His numbers, if you can ignore the 14 points he provided for Montreal and the points he wasn't able to generate for Edmonton, ended up looking half-decent. He completed 19 of 38 passes for 165 yards.

"Maybe if you take out those two early turnovers for touchdowns it would have been a different game,'' said Maas.

"That first one was a bad read on my part. That was just me. Their defence confused me on that one. That look was the first look in the game.

"Our defence played so well to keep us in the game so long. But I dug us too big a hole at the start.''

Maas said there's no ignoring the obvious.

"I'm definitely not there. I'm sure it would have been easier if I'd played during the last two years,'' he said of the time Ray took over and took the team to back-to-back Grey Cups.

"It's an excuse, but it didn't help me to play a team like Montreal in the first game.

"Maybe it takes a game like that to get it out of my system.

"I'm just happy they decided to keep me in there while I struggled and fought my way through things. I'm glad they afforded me that opportunity. Hopefully next week against B.C. I'll erase that memory quick.''

OTHER PEOPLE TO POINT FINGERS AT

There were other people to point fingers at other than Maas. Obviously his protection wasn't perfect.

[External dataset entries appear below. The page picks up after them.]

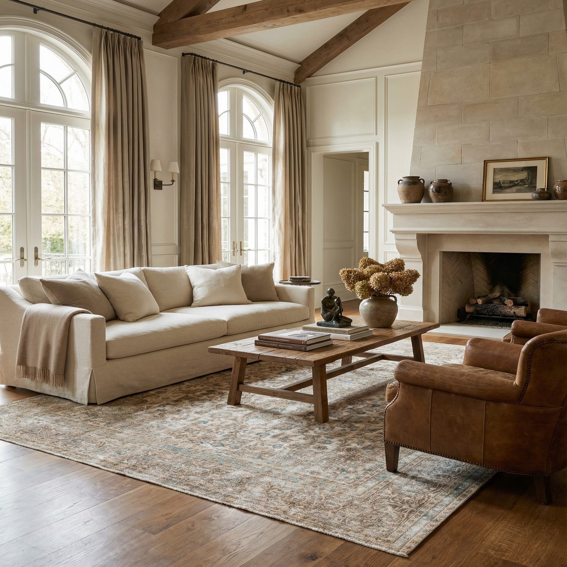A 9x12 rectangular Ultra Vintage wool rug with a distressed Persian medallion pattern in browns, tans, creams, and subtle blue accents.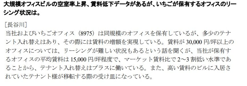 いちごの保有するオフィス物件の賃料は相場に比べて低く、テナントによる入替はプラスに働いており、高賃料のオフィステナントの移転先として受け皿になっているとのことです。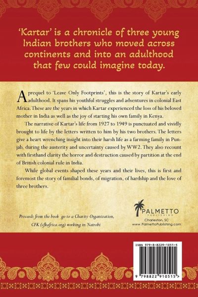 "Kartar, An Indian Immigrant in East Africa, 1927 to 1949". This non-fiction book is about Kartar's life in colonial East Africa, after landing there in 1927 in search of better economic and employment opportunities. Part one (1927-1942) provides an insight to a fifteen-year-old Indian immigrant's overwhelming feelings of loneliness and his struggles to start a new life among alien cultures of the native people and the new migrants from Europe. It depicts how his love for adventure and determination to overcome challenges, helped him to settle in the heart of Africa. It is based on the personal written memorabilia and audiotapes left behind by our father, Kartar. Part two of the book contains translations of letters written to Kartar in East Africa, by his two brothers in India, during the six-year period 1943-1949. They provide a personal angle on history and give us a glimpse into the intimate thoughts of the writers. They recount with first hand clarity their life as rural farmers during the austerity and uncertainty caused by WW2. They give a heart wrenching insight into the destruction caused by Partition at the end of British colonial rule in India. These plain-spoken letters with beautiful descriptive details take us back on a personal journey, reliving the dynamics of a joint farming family in a small village of Punjab. They bring to life the family's struggles, and how their overwhelming unity, love and support for each other ultimately helped them to survive the challenges. They show how the hearts of three brothers remained connected and intertwined, despite the thousands of miles separating them. This book is a prequel to "Leave Only Footprints" written by Jaihind S Sumal. Some of the information overlaps with Kartar's memoirs in the earlier book.

But Maas said you can't blame them because Montreal was sending an extra man on almost every play.

And the Eskimos, who made a big deal about starting the season with the same kind of discipline as they showed at the end of last year, took 17 penalties for 125 yards.

Those included a major facemask foul by Donny Brady, a helmet-removal violation by Mike Pringle and a unnecessary roughness call on Rahim Abdullah as part of a pushing incident that sent referee Glen Johnson to the turf doubled over in pain.

"Some of those things have to be looked at,'' said Higgins.

But what he most hoped wouldn't happen in this game happened.

Jason Maas didn't do anything to convince anybody that life after Ricky Ray was going to be a mere speed bump.

That was a big bump in the night here last night.